◆ **ACTIVITY**: Write the lines below out exactly, dropping each picture.

◆ **INPUT RECORDS**:
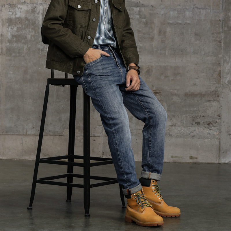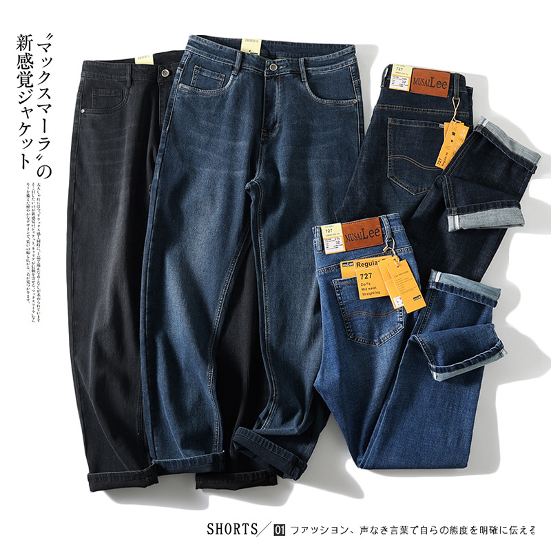 国内モデル2023年秋冬の酵素水洗い! 新型男性レトロ百合ストレートジーンズ長ズボン
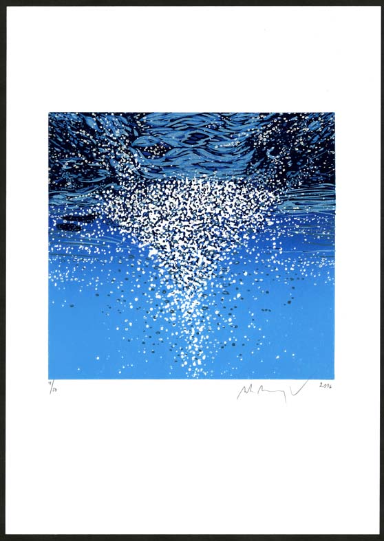 Následovala práce na souborech Underwave I. a II., v nichž jsem využil své zážitky z potápění v Rudém moři. Líbil se mi pohled ode dna ke hladině v okamžiku, kdy se po ní přehnala vlna. Ta vytvořila nádherné struktury, objevilo se hodně bublin, prosvítaly paprsky slunce. Téma pro mě bylo natolik výtvarně zajímavé a krásné, až jsem pochopil, že jen tři grafiky budou málo. Proto rovnou dva soubory.
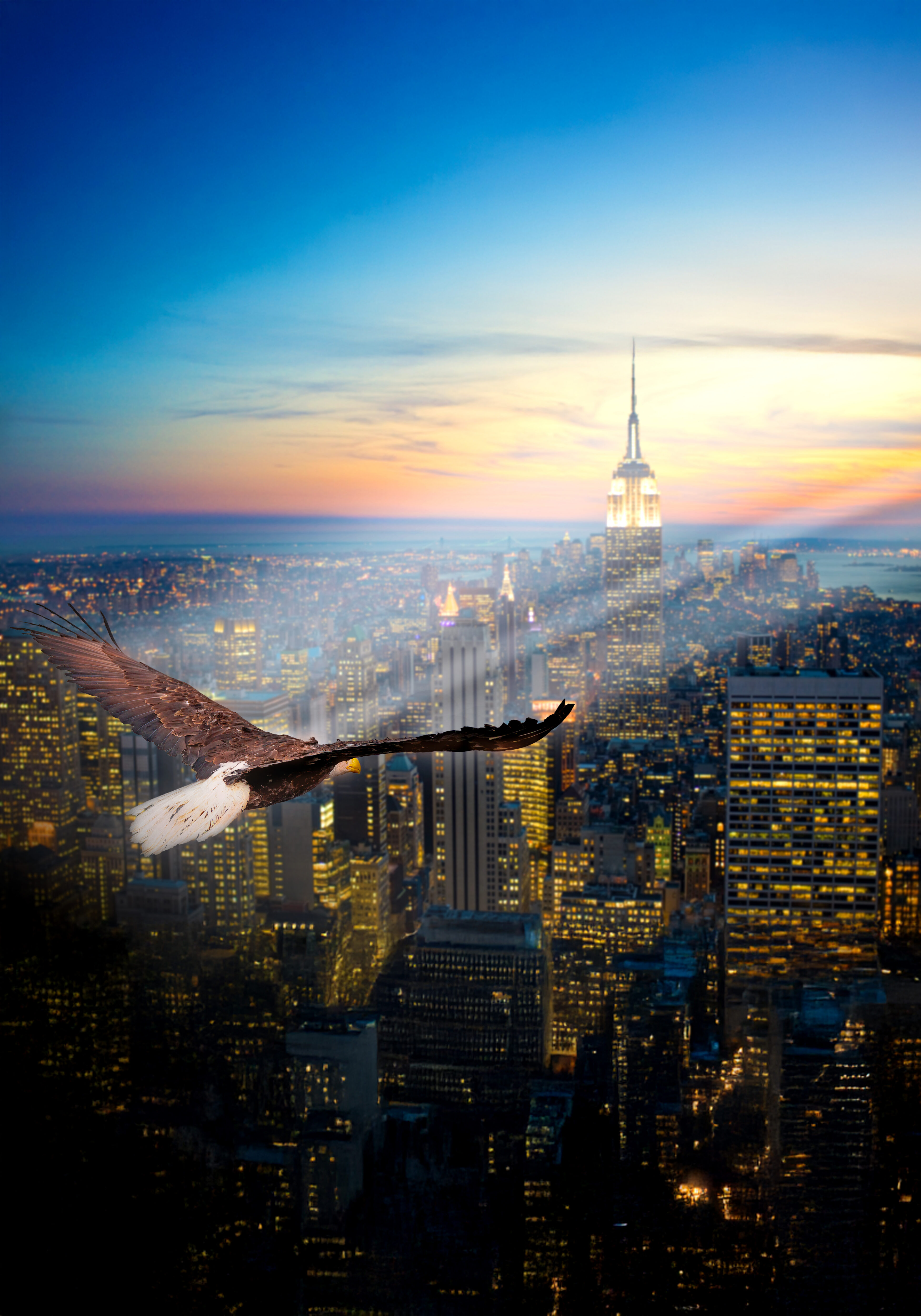 L’aigle s’inspire de la lueur de la ville.
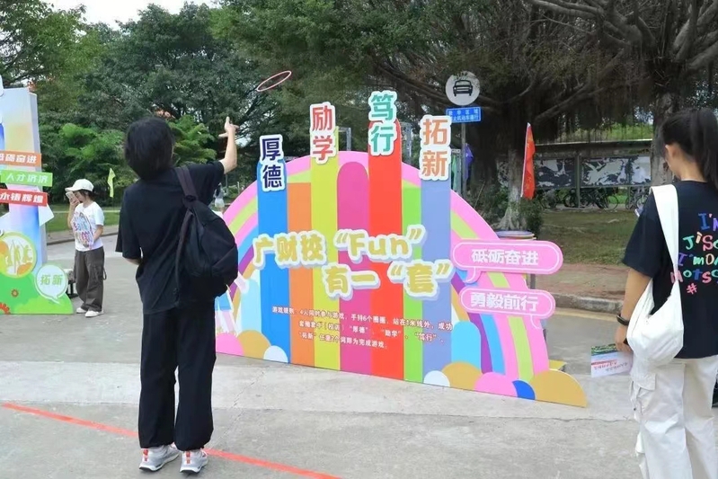 钓财宝,招财进宝,蕴含着广财学生的美好愿景。有为书院前熙来攘往,人声鼎沸,师生和校友们活力奋发,在“垂钓”间感受“财宝”的来之不易。
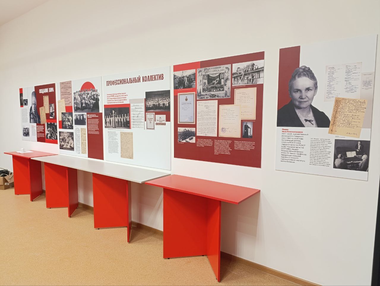 Благодаря помощи Научной библиотеки САФУ и Архангельской научной библиотеки имени Н.А. Добролюбова были оцифрованы альбомы с фотографиями и документами из архива Северного хора. Архангельский краеведческий музей и Великоустюгский музей-заповедник предоставили для экспозиции цифровые копии фотографий и документов из своих фондов. Архив Московской консерватории предоставил копии материалов Н.К. Мешко, которая училась там с 1938 по 1945 годы.

◆ **RESPONSE TO THIS EXERCISE**:
 国内モデル2023年秋冬の酵素水洗い! 新型男性レトロ百合ストレートジーンズ長ズボン
 Následovala práce na souborech Underwave I. a II., v nichž jsem využil své zážitky z potápění v Rudém moři. Líbil se mi pohled ode dna ke hladině v okamžiku, kdy se po ní přehnala vlna. Ta vytvořila nádherné struktury, objevilo se hodně bublin, prosvítaly paprsky slunce. Téma pro mě bylo natolik výtvarně zajímavé a krásné, až jsem pochopil, že jen tři grafiky budou málo. Proto rovnou dva soubory.
 L’aigle s’inspire de la lueur de la ville.
 钓财宝,招财进宝,蕴含着广财学生的美好愿景。有为书院前熙来攘往,人声鼎沸,师生和校友们活力奋发,在“垂钓”间感受“财宝”的来之不易。
 Благодаря помощи Научной библиотеки САФУ и Архангельской научной библиотеки имени Н.А. Добролюбова были оцифрованы альбомы с фотографиями и документами из архива Северного хора. Архангельский краеведческий музей и Великоустюгский музей-заповедник предоставили для экспозиции цифровые копии фотографий и документов из своих фондов. Архив Московской консерватории предоставил копии материалов Н.К. Мешко, которая училась там с 1938 по 1945 годы.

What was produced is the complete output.